Although 3-D printers have been used in the last couple of decades to create surgical tools, laboratory equipment, and prosthetic limbs, only recently has software been developed to translate a patient’s magnetic resonance imaging (MRI) or CT scan images into a replica of a patient’s organ. Estimates suggest that as of 2015, 75 U.S. hospitals and 200 worldwide have access to a high-level 3-D printer, and that number is expected to grow.³

Fellows of the American College of Surgeons (ACS) are actively using this technology, not only at Boston Children’s Hospital but at other institutions around the country, including Washington University School of Medicine, St.
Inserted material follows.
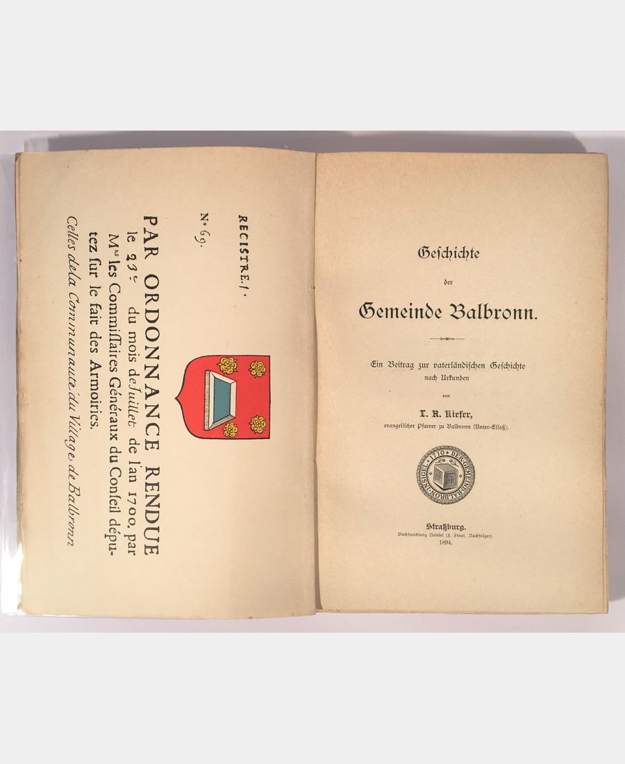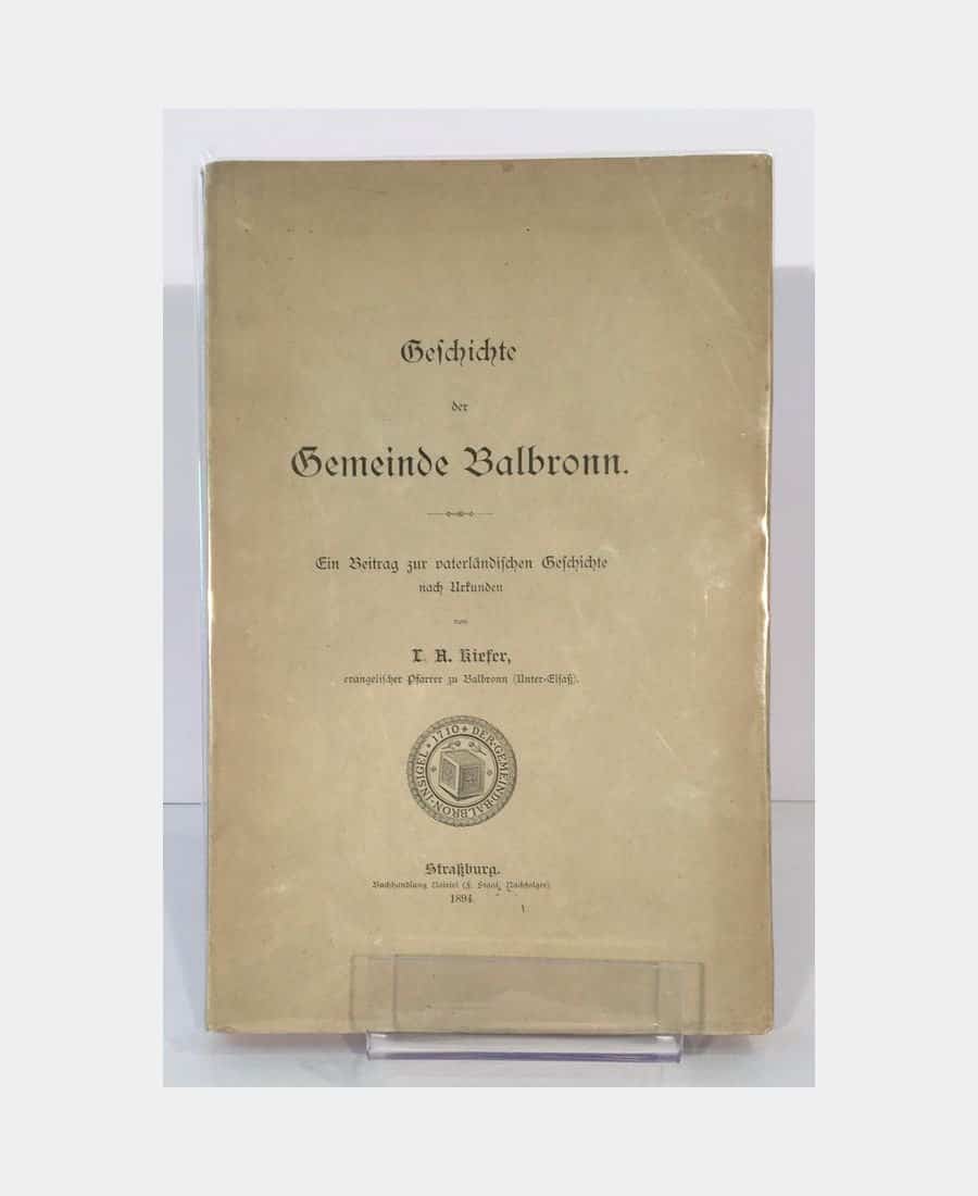 Strasbourg, Buchhandlung Noiriel (F. Staat, Nachfolger), 1894 ; in-8 de IX et 360 pages, broché, couverture imprimée. Pliures sur le plat supérieur, légères marques sur le plat inférieur. Frontispice présentant les armoiries de Balbronn. Répertoire des personnalités nées à Balbronn in fine.

Louis, MO, where surgeons used a 3-D model of Myah McWilliams’ skull to fix the five-year-old’s severe facial asymmetry in December 2015.⁴

In this article, members of the College describe their experiences with 3-D printing models, identify its benefits and limitations, and consider future applications for this technology.

Preoperative planning with 3-D printing

Adnan Siddiqui, MD, PhD, FACS, FAHA, neurovascular surgeon and vice-chair, neurosurgery, Jacobs School of Medicine and Biomedical Sciences, University of Buffalo, NY, has been using 3-D printers as an aid in operations for complex aneurysms for the last few years.⁵ He uses the technology to help him gain a deeper understanding of a patient’s unique vasculature in a way that traditional imaging alone cannot provide, as well as to develop a preoperative surgical plan.⁵

“When you do an angiogram and you take a blood vessel picture or snapshot, a CT angiogram, an MRI angiogram, it looks like, ‘There’s the problem, there’s where I need to go,’” said Dr. Siddiqui, chief medical officer, The Jacobs Institute, Buffalo. “The fact of the matter is, when you try to perform the procedure in reality, the impediments are such that you can’t make your way up there with the tools you have or there is less space in the artery than you originally thought, and you need to make adjustments on the fly.” For example, the surgeon may need to abandon the first approach and try something else, such as entering through the neck rather than the groin to reach an aneurysm.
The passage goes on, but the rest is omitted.